Several of the Y1H assay-derived TFs were common across all pMYB98 sub-fragments used in current study (Figure 1b and Figure 2), suggesting direct or indirect association with the shortest fragment. This group includes TFs with REM/B3 (3), bZIP (2), AP2/ERF (2), FHA (2), FAR-related (2), NAC (1), and C2H2 zinc finger (1) domains. Only one TF (GAL1) was common between the TF pools of 60 bp and 139 bp fragments (Figure 1b and Figure 2). TFs unique to the 60-bp-derived pool or present in both the 60 bp and 139 bp pools are likely associated with the 3′-region of the 60 bp fragment not overlapping with its shorter 40 bp counterpart, i.e., −640 bp to −620 bp. This subset includes TFs with bZIP (4), ZF_HD (2), GeBP (1), and C2H2 zinc finger (1) domains.
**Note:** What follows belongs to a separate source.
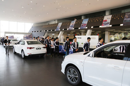 4月3日下午,我校汽车运用与维修专业的200余名同学,在社区培训处陈云东副处长、机电部黄火俊主任、汽修实训老师和各班班主任的带领下,徒步2.2公里,来到位于南环二路的金坛汽车城,走进福特、大众、奥迪等4S店参观学习,了解行业发展状况,近距离感受高端汽车品牌的企业文化与内涵。
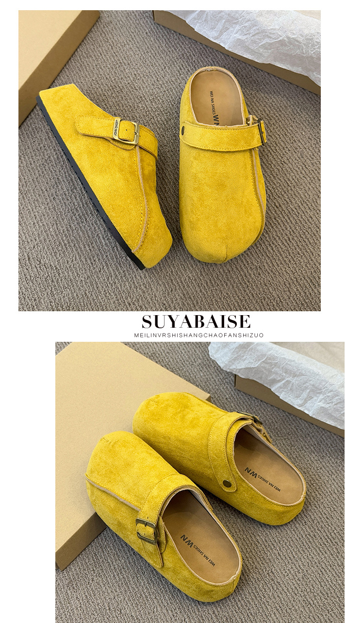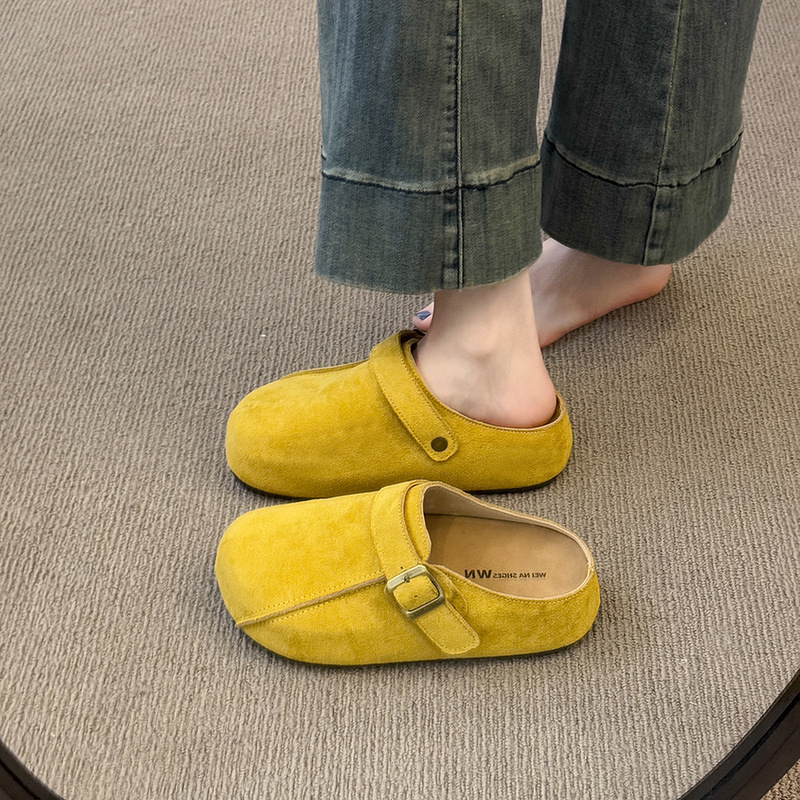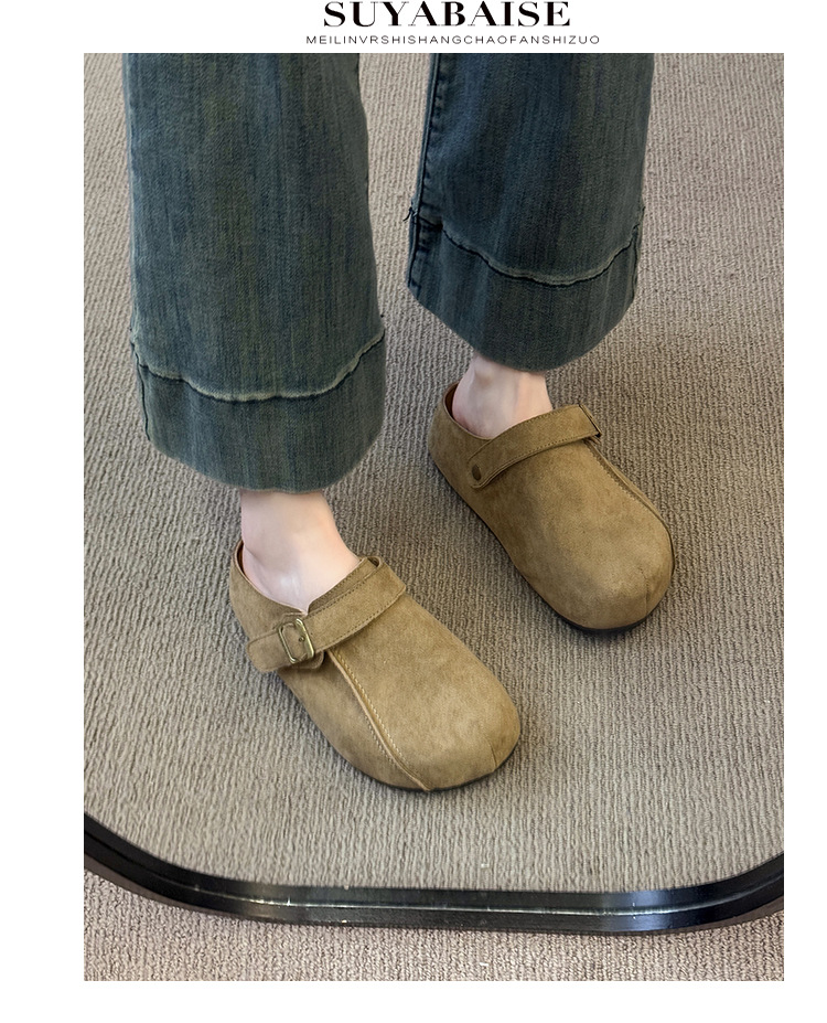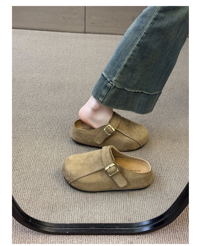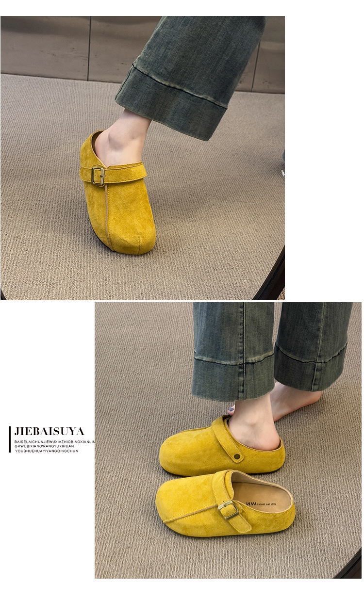여성용 유럽과 미국 스타일의 복고풍 바오터우 하프 슬리퍼 2025 봄 스타일 슬립온 게으른 바오터우 두꺼운 밑창 버켄스탁 신발스토어 가기

Among the three, the 139-bp-derived pool contains the smallest number of TFs (6 in total), with only two (both with HD domain) unique to it as compared to other fragment-derived pools, suggesting association with the 3′-region of the 139 bp fragment not overlapping with other fragments, i.e., −620 to −541 bp (Figure 1b and Figure 2). While some studies suggest repressive or transactivation roles for some of the Y1H assay-derived TFs, using them as a sole measure to predict TFs’ role in MYB98 regulation seemed a little far-fetched. Hence, we developed a simple workflow for this purpose, considering co-expression and potential physical associations of TFs while predicting their functional roles (Figure 3).
In the in vivo reporter expression assay, we observed that the latter region of the functionally active 191 bp pMYB98 region confers a repressive effect [1]. Since this fragment was not used in the Y1H assay, we checked available DNA affinity purification sequencing (DAP-Seq) data for potential TFs binding within this region (i.e., −550 bp to −510 bp). This region harbors a GT1CONSENSUS cis-element (GRWAAW) [17] in reverse orientation and potential RAV1 binding region (CAACAaCACCTa) (Figure 2) which reportedly binds by recognizing a bipartite DNA sequence composed of CAACA and CACCTG CACCTG as reported in Arabidopsis [18]. Interestingly, an additional potential GT-1 recognition motif overlaps with the SaeM 5′ region [1]. Analysis of DAP-seq data suggested potential TFs binding within the functionally active 191 bp promoter fragment including members with WRKY (9), ZF-HD (3), and HD (2) domains. TFs from all the aforementioned analyses were combined into a single pool (38 TFs in total). Based on an earlier assessment [1], we included TOPLESS (TPL), an EAR-motif binding TF with potential to interact with ANL2 and its homologs as well as MYB98 itself (as positive control), AGL80 (as negative control), and a random MYB (MYB63) in the TF pool (42 TFs in total) for downstream analysis following the aforementioned workflow (Figure 3).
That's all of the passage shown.